Multi-omics spatial characteristics of CD8+TRM cells in hepatocellular carcinoma and immunotherapy response prediction

Shi-Peng Li^1*Ju Ma¹Xinqiang Li²Bingbing Qiao³Liancai Wang¹Deyu Li¹Hua Zhou⁴Hua Zhou^5*Jinzhen Cai^6*

• ¹Henan Provincial People's Hospital, Zhengzhou, China
• ²The Affiliated Hospital of Qingdao University, Qingdao, China
• ³The First Affiliated Hospital of Zhengzhou University, Zhengzhou, China
• ⁴The First Affiliated Hospital of Henan University of Science and Technology, Luoyang, China
• ⁵Tianjin Medical University School of Basic Medical Sciences, Tianjin, China
• ⁶Fujian Medical University Union Hospital, Fuzhou, China

Immune checkpoint blockade (ICB), a therapeutic strategy that reinvigorates anti-tumor immune responses by disrupting inhibitory signaling pathways in immune cells, has emerged as a pivotal systemic modality for patients with advanced hepatocellular carcinoma (HCC). However, the fact that only a subset of patients achieve durable clinical responses to ICB underscores the urgent need to develop reliable, clinically actionable predictive biomarkers. Despite the potential of tumor-infiltrating immune cells (TIICs) to stratify this patient cohort, the predictive utility of TIICs with respect to their density and spatial arrangement has not been conclusively validated for clinical application. CD8+T cells frequently infiltrate the HCC microenvironment and play a critical role in immunotherapy, we developed and validated a model based on contrast enhanced computed tomography (CECT) images and preliminarily predicted the change of CD8+T cells distribution of HCC patients after ICB treatment, then through single-cell RNA sequencing analysis of HCC tumor tissues, we clearly show that CD8+ T cells and CD8+ tissue-resident memory T cells (TRM) undergo a progressive and statistically significant upregulation in their proportions post-ICB treatment.
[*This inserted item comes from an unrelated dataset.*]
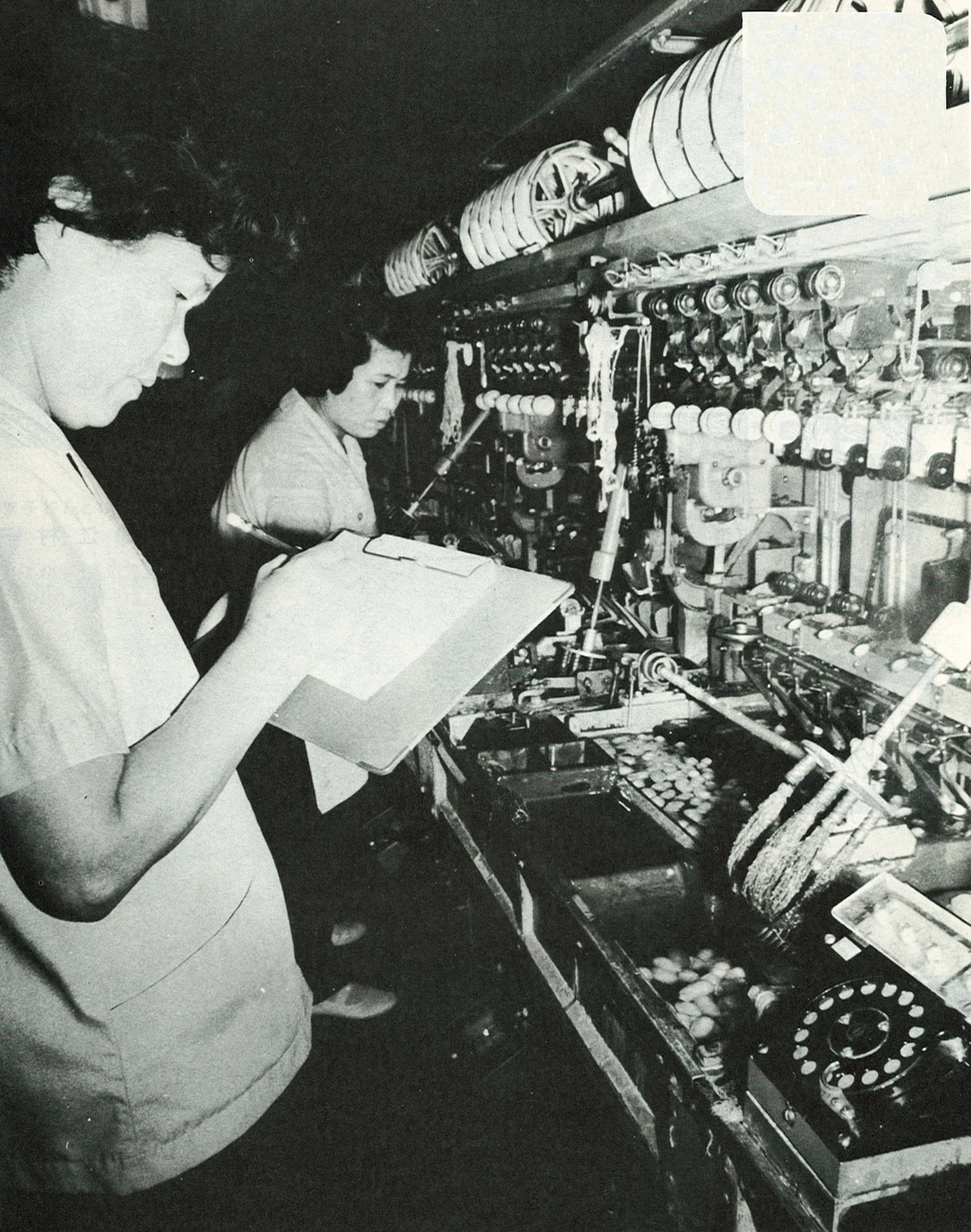 大分市敷戸団地の北に大分県繭検定所があった。煮られた繭の一種独特な臭いのする中で、彼女らは黙々と繰り糸や揚げ返しの作業を続けた。当時、県内での繭生産量は約1,200トン、検定数は830件、この検定で繭の等級が確定すると、取引価格の基準が決まった。

What's more, multiplex immunohistochemistry (mIHC) was used to develop a multidimensional TIIC signature, which included quantifying the proportions of CD8+TRM, CD4+TRM, and CD68+ cells, as well as analyzing the spatial organization of CD8+PD-1+TRM cells. We found that the proportion and infiltration of CD8+TRM cells in HCC tissue increased from the immune margin (IM) to the tumor core (TC) after treatment with anti-PD-1/PD-L1 immunotherapy. These results indicate that the spatial heterogeneity of CD8+TRM cells within the tumor immune microenvironment critically determines immunotherapy efficacy in HCC.